* Work to be completed *
Your task is to repeat the lines below exactly, excluding any pictures they contain.

* Dataset extract *
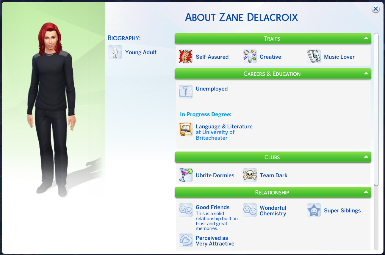 I believe Zane is showing up as a sibling because I made the prep school counselor the primary care giver to all the students.
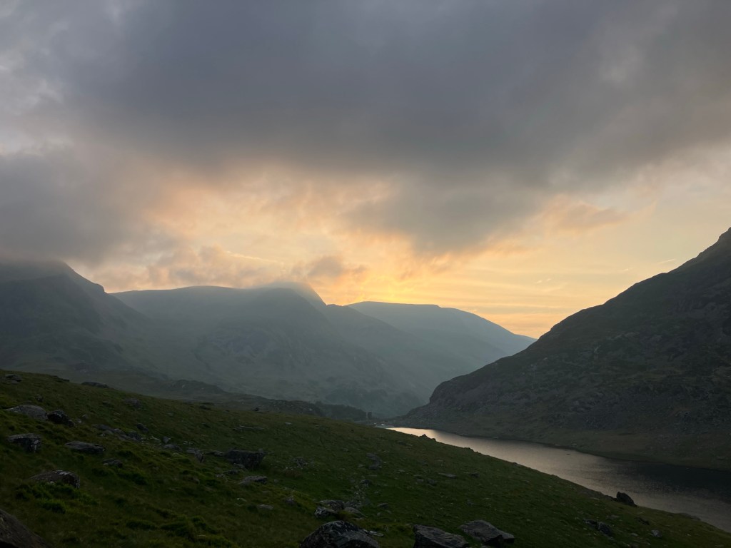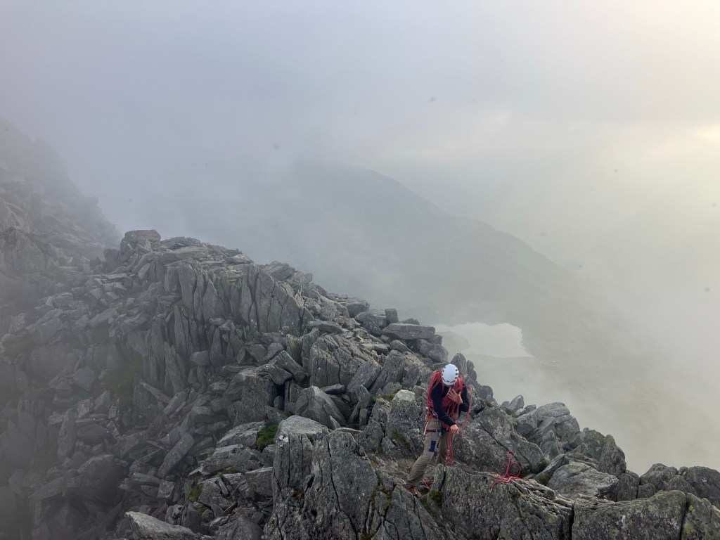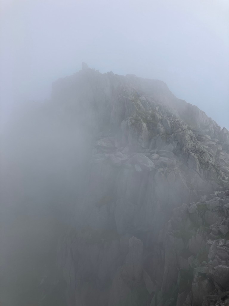 We went as fast as we could, conscious that we’d popped out for a quick climb and now found ourselves on top of Tryfan! My one snack bar and small bottle of water were only just enough to keep me going in the warm and muggy conditions.
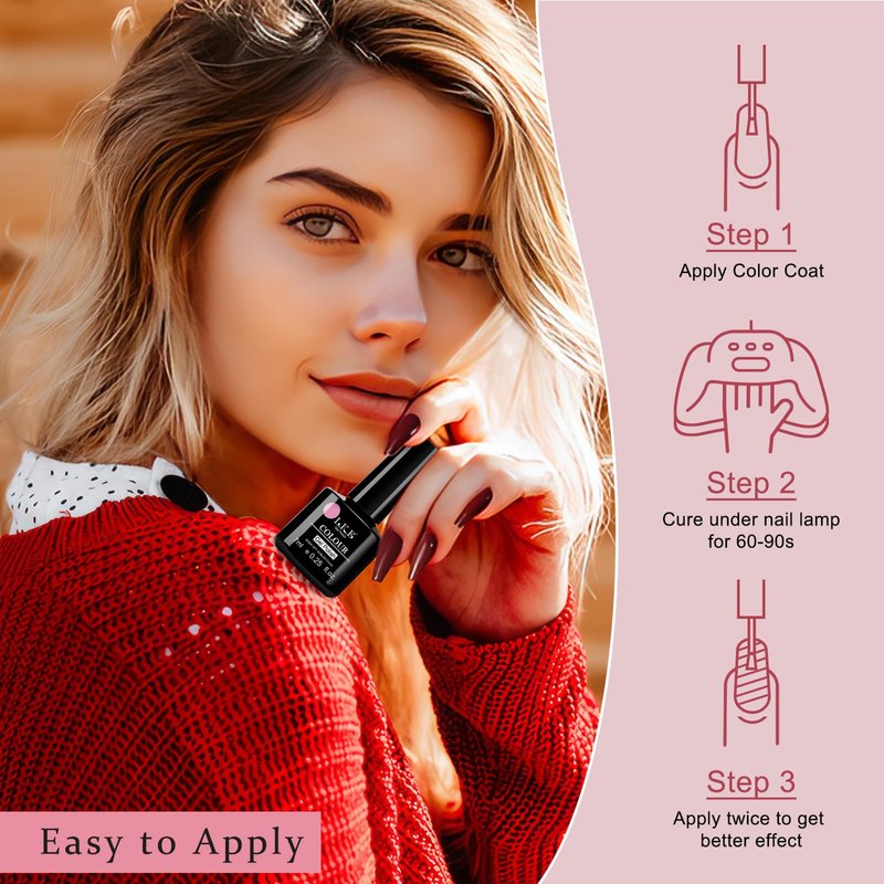 - Easy to Use & Long-Lasting: 6 colors gel polish set with detailed gel manicure instructions. Apply base coat after polishing the nail surface, then apply gel in all seasonal colors, and finally apply gel top coat for a perfect manicure. Don't forget to cure under UV/LED light for 60-90S at every step. Correct operation can keep your nails shiny for up to 28 days (4 weeks). NOTE: Requires primer and topcoat and lamp cure time
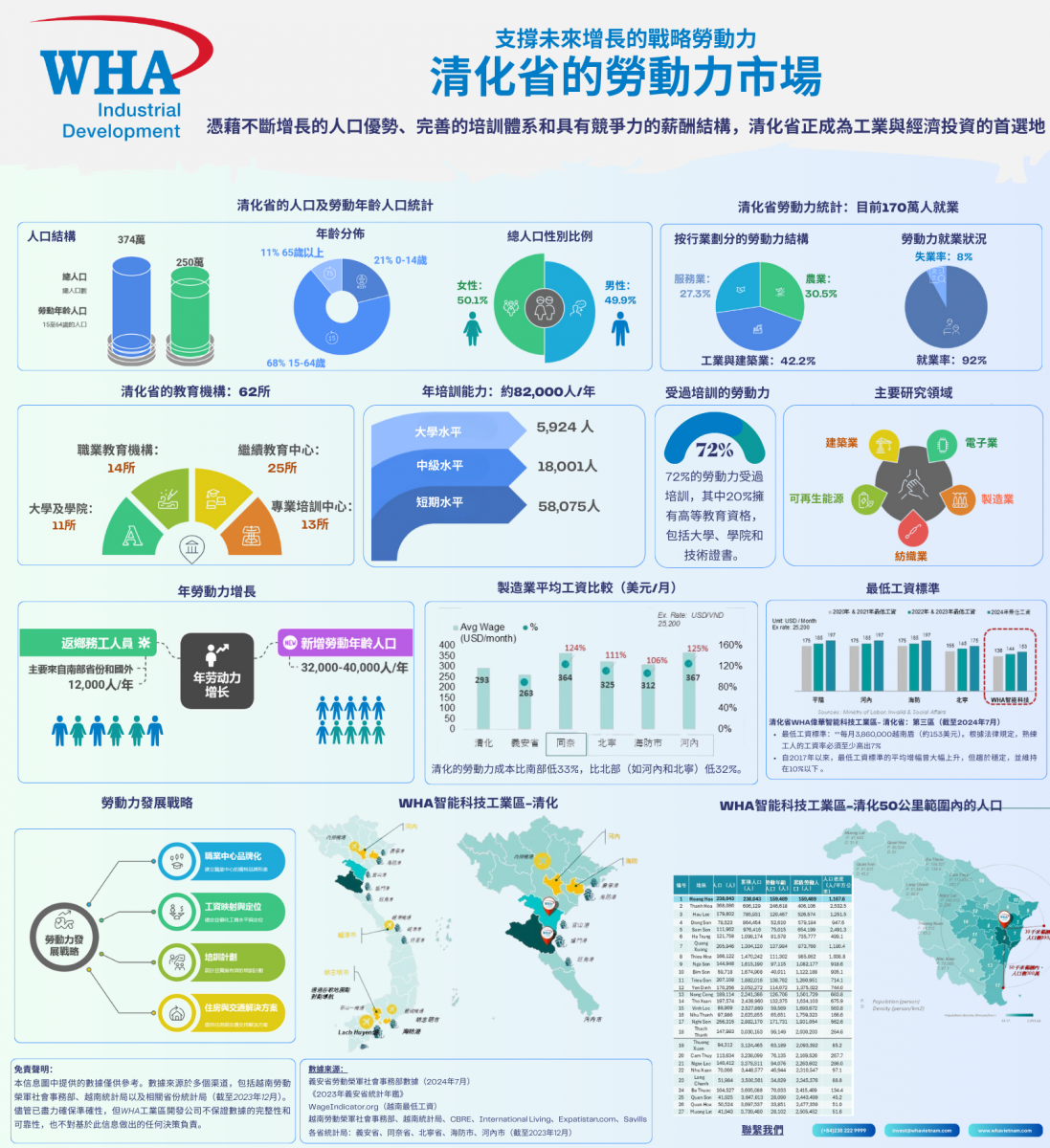 清化省人口374萬,其中250萬人屬於勞動年齡層。目前約170萬人已就業,為產業擴張提供了堅實的勞動力基礎。

* Problem solution *
 I believe Zane is showing up as a sibling because I made the prep school counselor the primary care giver to all the students.
 We went as fast as we could, conscious that we’d popped out for a quick climb and now found ourselves on top of Tryfan! My one snack bar and small bottle of water were only just enough to keep me going in the warm and muggy conditions.
 - Easy to Use & Long-Lasting: 6 colors gel polish set with detailed gel manicure instructions. Apply base coat after polishing the nail surface, then apply gel in all seasonal colors, and finally apply gel top coat for a perfect manicure. Don't forget to cure under UV/LED light for 60-90S at every step. Correct operation can keep your nails shiny for up to 28 days (4 weeks). NOTE: Requires primer and topcoat and lamp cure time
 清化省人口374萬,其中250萬人屬於勞動年齡層。目前約170萬人已就業,為產業擴張提供了堅實的勞動力基礎。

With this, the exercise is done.